Так из раскрытой здесь сущности макрокосма, из первоначального символа всякой культуры возникает феномен стиля. Кто умеет понимать значение этого слова, тот не станет относить к всеобъемлющей определенности стиля отрывочные и хаотические произведения искусства первобытного человека. Стиль присущ только искусству великих культур, производящему целостное впечатление; притом он присущ не одному искусству.

Мы располагаем прекрасными изображениями животных дилювиального человека и некоторых диких народов, а также высоко стоящим микенским и меровингским искусством. Но как раз это искусство делает различие очевидным. Здесь нет никакого стиля. Здесь все изолированно, исполнено радости творчества и подражания, исполнено понимания гармонии и нюансов, но здесь нет, так сказать, спокойного метафизического ощущения формы, которое, даже будучи ярко выражено, бессознательно стремится к одной цели в художественных произведениях, постройках, утвари, украшениях. Только при этом условии существует стиль, непроизвольная и неуклонная (в настоящее время это необходимо подчеркивать) тенденция во всем творчестве, которая остается одинаковой в ранней дорике и в римском искусстве, в раннем романском искусстве и в стиле ампир. Сравним Аахенский собор с постройками, которые возникли только на 150 лет позже: в течение этого промежутка времени родился стиль.
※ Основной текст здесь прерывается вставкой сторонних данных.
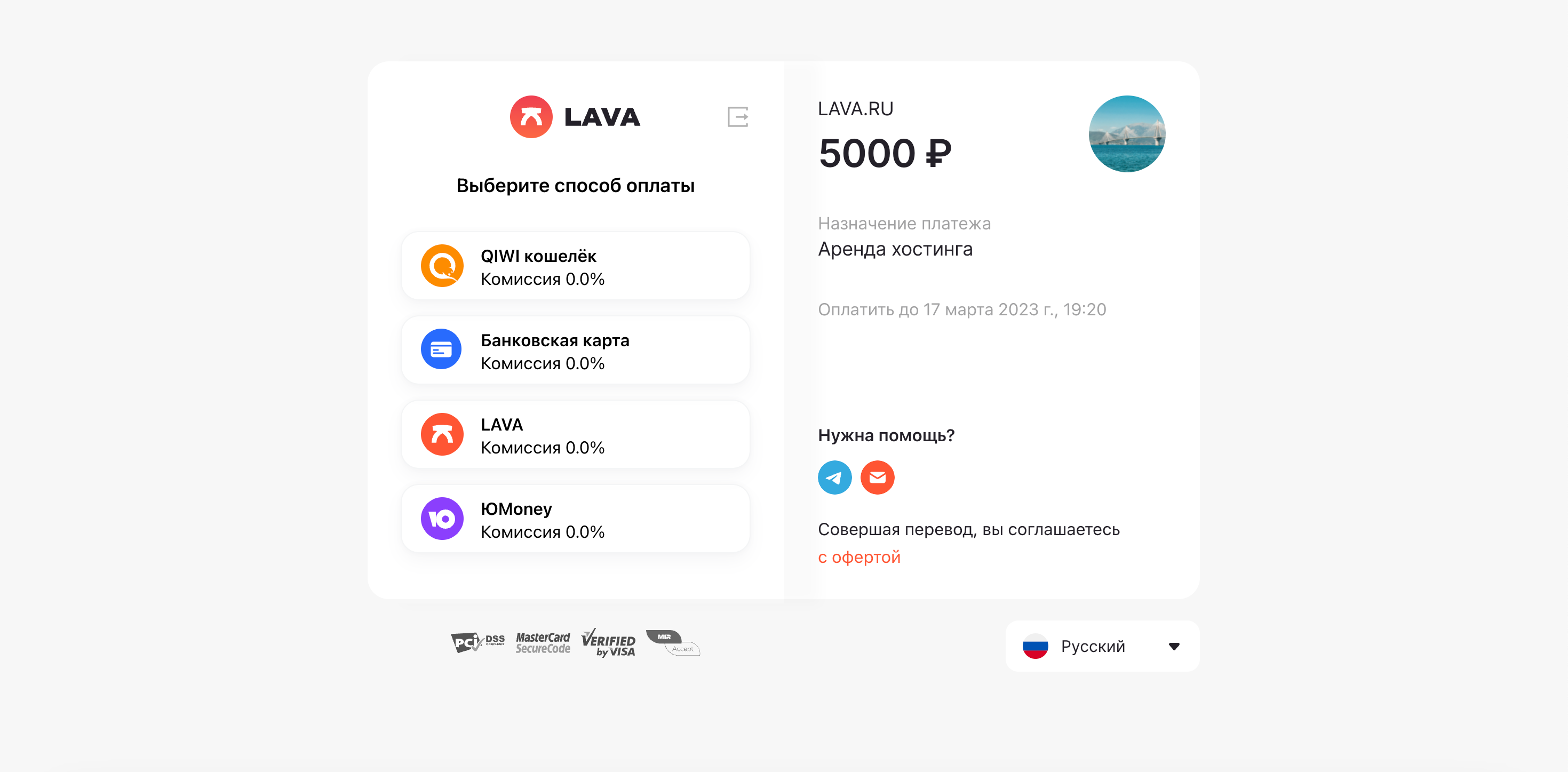 Следующий способ приема платежей — российский сервис LAVA.ru.

В Аахене его еще нет. Постройка Карла Великого есть образец искусства, пребывающего вне и до атмосферы стиля, то есть вне культуры! В ней нет никакого первоначального символа, который мог бы и должен бы быть осуществлен. Такая же внутренняя необходимость формы отличает геометрические украшения позднемикенского и раннедорического искусства. Только дорика вкладывает тенденцию, мировой закон. С другой стороны, в античности вместе с александрийскою эпохою, а у нас около 1800 года, эта тенденция иссякает. История стиля кончается. Возможности одной формы мышления оказываются исчерпанными. После этого начинают подделывать, мастерить, создавать "стили", которые меняются через каждые десять лет, с которыми каждый обращается как хочет; начинают повторять, комбинировать, утрировать, ибо потребность в искусстве еще осталась, между тем как стиль, то есть необходимое искусство, умер. Таково положение в настоящий момент.

В противоположность сознательному художеству, которое всегда есть явление позднее, продукт городской культуры,-- стиль есть проявление бессознательного душевного начала, которое я назвал идеей жизни. Стиль есть судьба. Судьба нам дается, мы ее не приобретаем. Сознательный, намеренный, сделанный стиль есть ложный стиль, как доказывают все поздние эпохи, особенно же современность. Великие художники и художественные произведения суть явления природы. Мир -- природа -- есть создание души; совершенное произведение искусства точно так же создание души: обоим им свойственна непреднамеренность, предопределенность, необходимость, оба, следовательно, являются "природой". На этом покоится внутреннее тождество стиля и математики какой-нибудь эпохи. В самом деле, все без исключения формы стиля суть экстенсивные формы. Они изгоняют чуждый протяженности элемент наличного ощущения. Из обоих изначальных человеческих стимулов к художественному творчеству -- подражательного и символического -- стиль порождается последним, то есть влечением к орнаментике. Не любование миром, но страх перед ним есть последний доступный нам корень всякой элементарной художественной формы. Произведению искусства присущ стиль в точно таком же смысле и в точно такой же степени, в какой физическому представлению помимо теоретически-образного содержания присуща также математическая форма.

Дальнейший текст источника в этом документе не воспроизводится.